The study found that the number of living children is an important factor associated with contraceptive use. The contraceptive use increases with increasing the number of living children. This finding was found in similar studies by [14, 21, 26-29]. This is not surprising because a woman who has many children tends to limit births. It is known from literature that a small family allows for investment in each child, for instance by paying for their education and health care.

CONCLUSION

The main objective of this study was to identify the socio-economic and demographic factors associated with contraceptive use among married women or women living with their partners of reproductive age in Rwanda. The findings from this study revealed that education level of the woman, wealth index of the household, province of residence, age at first cohabitation, her current age, her working status, the number of living children, preference of number of children by husband or partner compared to that of the wife or partner, religious affiliation, exposure to information on family planning (such as hearing about family planning on the radio, reading newspaper or magazines, visiting health centre, visited by family planning worker, told about family planning at the health centre) were determinants of contraceptive use among married women or women living with partner of reproductive age. It was highlighted that women who listen to the radio, visited the health centre or were visited by the family planning workers and told about family planning, aged between 25-34, working at the period of survey, with higher education level had higher odds of using contraception. The study also considered various two- way interaction effects and only the interaction effect between religious affiliation and woman’s education level was significant. The findings from this study suggested that religious affiliation should also play an important role to explain and inform their adherents on the importance of using a contraceptive method; the findings also suggested improvement about exposure to the information of contraceptive use in health centres, the use of trained health workers in communities and in mass media especially radio, to empower women for access to quality contraceptive use services especially family planning, encourage spousal communication on contraceptive use and to continue improving women’s access to education. Further research is needed to identify the reasons for disparities of contraceptive use among provinces and why the prevalence of contraceptive use among women of childbearing age is higher in Northern province and this may help to address why the prevalence is low in Western province and to highlight the predictors that can increase the use of contraceptives among young women.

LIMITATIONS

The analysis in this study was mainly based on cross-sectional study and this may not draw the causal relationship or effect between contraceptive use and independent variables; only an association can be drawn from this study. A longitudinal study is suggested for future work to identify relevant trends and patterns over time.

AVAILABILITY OF THE DATA

RDHS data are freely available to registered users with permission at http:// dhsprogram.com.data /Rwanda_ Standard-DHS2015.cfm.

FUNDING

The authors received no funding for this study.

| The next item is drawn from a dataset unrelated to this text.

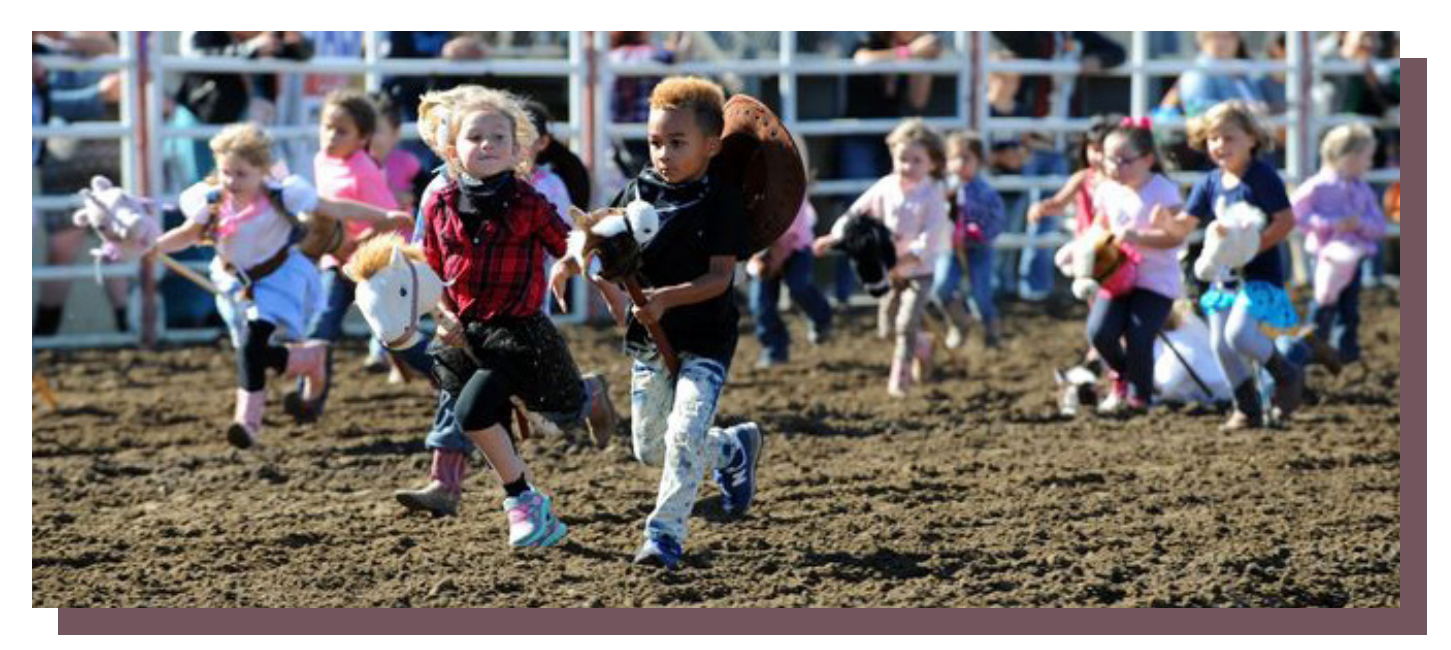
"Horsies" race at the California Rodeo, Salinas

ETHICS APPROVAL AND CONSENT TO PARTICIPATE

This study does not involve any experiment or interaction with human or animal subjects. The study uses secondary data from 2014/2015 RDHS. The 2014/15 RDHS was reviewed and approved by Rwanda National Ethics Committee, National Institute of Statistics of Rwanda and International Review Board of ICF International. We were granted permission by ICF international, Inc. to use these de-identified data.

HUMAN AND ANIMAL RIGHTS

No animals/ humans were used for the studies that are bases of this research.

CONSENT FOR PUBLICATION

Not applicable.

CONFLICT OF INTEREST

The authors declare no potential conflicts of interest with respect to the research, authorship, and/ or publication of this article.

ACKNOWLEDGEMENTS

The authors acknowledge National Institute of Statistics of Rwanda (NISR) [Rwanda], Ministry of Health (MOH) [Rwanda], and ICF International for the data.